You are a helpful, concise voice assistant. Keep answers short —
one or two sentences unless more is clearly needed.
"""

[tts]
platform = "openai"
url = "http://localhost:9094/v1/audio/speech"
api_key = "NONE"
model = "piper"
voice = "en_US-ryan-high"

Build and run the EchoKit server from source (https://github.com/second-state/echokit_server):

git clone https://github.com/second-state/echokit_server
cd echokit_server
## Put your config.toml and a hello.wav in the working directory.
cargo build --release
RUST_LOG=info ./target/release/echokit_server

On the device side, pair via the https://echokit.dev/setup/ page over Bluetooth and set the WebSocket server URL to:

ws://<your-machine-ip>:8080/ws/

Note the ws:// (not http://) scheme and the trailing /ws/ path — both are required. The same URI can be pasted into the browser tester at https://echokit.dev/chat/ to validate the server without the device.


5. Bringing it up

Start services in this order; each one leaves a foreground process, so use separate terminals or a multiplexer:

  1. Ollama — already running as a systemd service after install.
  2. whisper-server on port 9092 (section 2).
  3. Piper Flask wrapper on port 9094 (section 3).
  4. echokit_server on port 8080 (section 4).

If something misbehaves, curl each local endpoint in isolation to pinpoint the stage. RUST_LOG=debug on the EchoKit server will show which upstream call failed.


Alternative paths that did not pan out

Recorded here for the benefit of anyone else considering similar approaches.

qwen3_tts_rs on GPU

Second State's own Qwen3-TTS Rust port is an attractive option — same maintainers as EchoKit itself, safetensors-based, no baked-in TorchScript device or dtype assumptions. The CPU path works out of the box (the installer's default pick) and produces excellent voice quality, including built-in named speakers like "Vivian" (named after a Second State engineer, a nice demo detail). The catch is that it is very slow on CPU — several seconds per short phrase on a 5900X — making it impractical for conversational use.

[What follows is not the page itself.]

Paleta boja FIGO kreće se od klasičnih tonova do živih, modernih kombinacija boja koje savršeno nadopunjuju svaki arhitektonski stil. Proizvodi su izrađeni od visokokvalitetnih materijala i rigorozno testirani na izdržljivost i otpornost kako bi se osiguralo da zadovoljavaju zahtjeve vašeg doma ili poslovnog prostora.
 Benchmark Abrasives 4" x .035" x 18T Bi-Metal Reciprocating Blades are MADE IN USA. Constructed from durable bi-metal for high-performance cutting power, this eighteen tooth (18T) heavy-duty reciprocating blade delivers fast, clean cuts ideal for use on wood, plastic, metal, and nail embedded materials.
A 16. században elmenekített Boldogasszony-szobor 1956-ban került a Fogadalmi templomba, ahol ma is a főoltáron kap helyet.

The GPU path did not work in this environment. The CLI binary hardcodes Device::Cpu; patching it to Device::cuda_if_available() and rebuilding produces a binary that panics at model load with:

Could not run 'aten::empty_strided' with arguments from the 'CUDA' backend.

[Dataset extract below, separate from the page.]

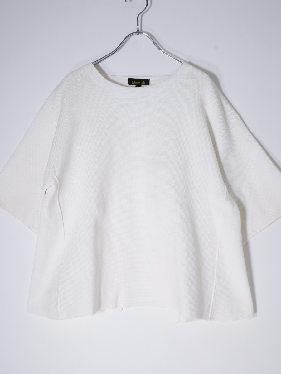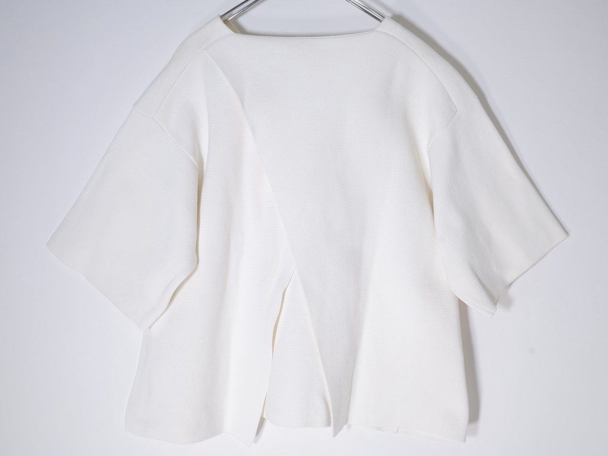 素材感厚手のしっかりしたコットンニット地 透け感なし 裏地なし ストレッチなし 開閉デザインなし 付属品(取り外し可)なし 商品情報バックがカシュクール調にレイヤードした、フレアシルエットのプルオーバートップス。 |
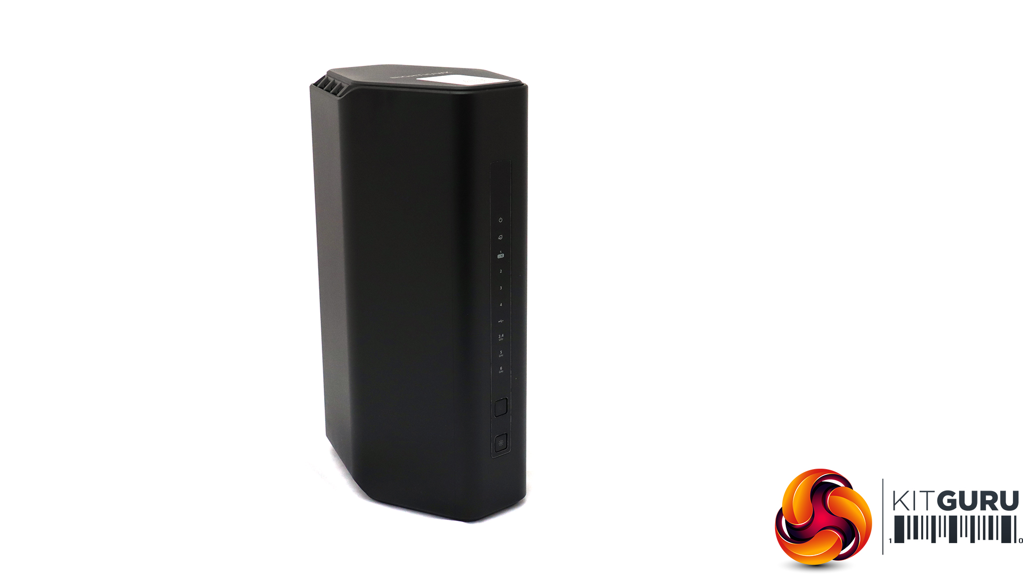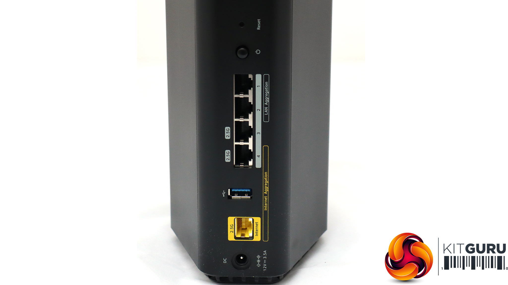 The ports are ranged vertically up the back of the router, with a recessed reset and regular on-off button at the top. Below that is a pair of Gigabit Ethernet LAN ports, which can be aggregated together when routed to a Network Attached Storage device. Below that is a pair of 2.5Gbit Ethernet LAN ports. The lower of these can be aggregated with the 2.5Gbit Ethernet WAN port at the bottom, to create a 5Gbit link to a compatible modem. In between these two is a USB 3.0 port, which can only be used for adding storage, not sharing a printer or mobile data modem.

Diagnosis: tch's torch-sys build script correctly emits cargo:rustc-link-lib=torch_cuda, but those link directives do not propagate to the final binary's link step. ldd on the resulting binary shows no libtorch .so files in its DT_NEEDED list — only libcudart.so.12 as a transitive dependency. RUSTFLAGS with --no-as-needed and --copy-dt-needed-entries do not help: there is nothing to save, because the libtorch libraries are never passed to the linker to begin with.

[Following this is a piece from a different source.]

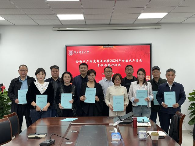 李大伟书记与党委班子成员、全体支部书记及办公室主任签订全面从严治党责任书。其他班子成员分别与所联系的教学机构负责人、支部书记一一签订责任书。
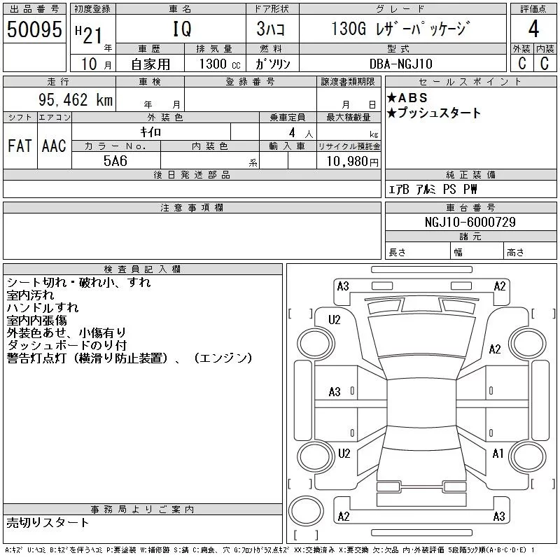 Toyota IQ с аукциона Японии CAA Tokyo лот № 50095

This is plausibly a tch/torch-sys packaging bug surfacing under recent Rust toolchains, which default to rust-lld as the linker on Linux. An issue has been filed upstream.

gsv_tts (GPT-SoVITS)

EchoKit's first-party local TTS option. Builds cleanly on Debian but the published v2pro model weights have baked-in fp16 and cuda:0 device assignments in the exported TorchScript graph. Any GPU path fails with either a complex_half FFT error on Ampere or a CUDAHalf / CUDAFloat type mismatch depending on which model variant is used. Only works with CUDA_VISIBLE_DEVICES="" and the .cpu.pt model variants, i.e. CPU-only. The reference-audio voice cloning also wants a cleaner recording than the shipped examples provide. Issue filed upstream. Not recommended unless voice cloning is specifically needed and the model-export problems are acceptable.

Piper via LlamaEdge tts-api-server.wasm

The official-looking path for Piper in the EchoKit/LlamaEdge ecosystem. It requires a specific WasmEdge plugin (wasi_nn-piper) that the Debian wasmedge package does not ship. Upstream plugin tarballs are built for Ubuntu 20.04 / 22.04 glibc, which does not cleanly match Debian Sid. The Python wrapper used here is simpler and more portable across distros, at the cost of depending on Python and Flask — a trade worth making.

Known limitations


Summary

Component Backend Device Status
LLM Ollama + qwen3.5:9b-q4_K_M GPU Works
ASR whisper.cpp (Debian package) CPU Works
TTS Piper via Python Flask wrapper CPU Works
End-to-end voice conversation Works

Start all four services, point the EchoKit device at ws://<your-ip>:8080/ws/, and talk.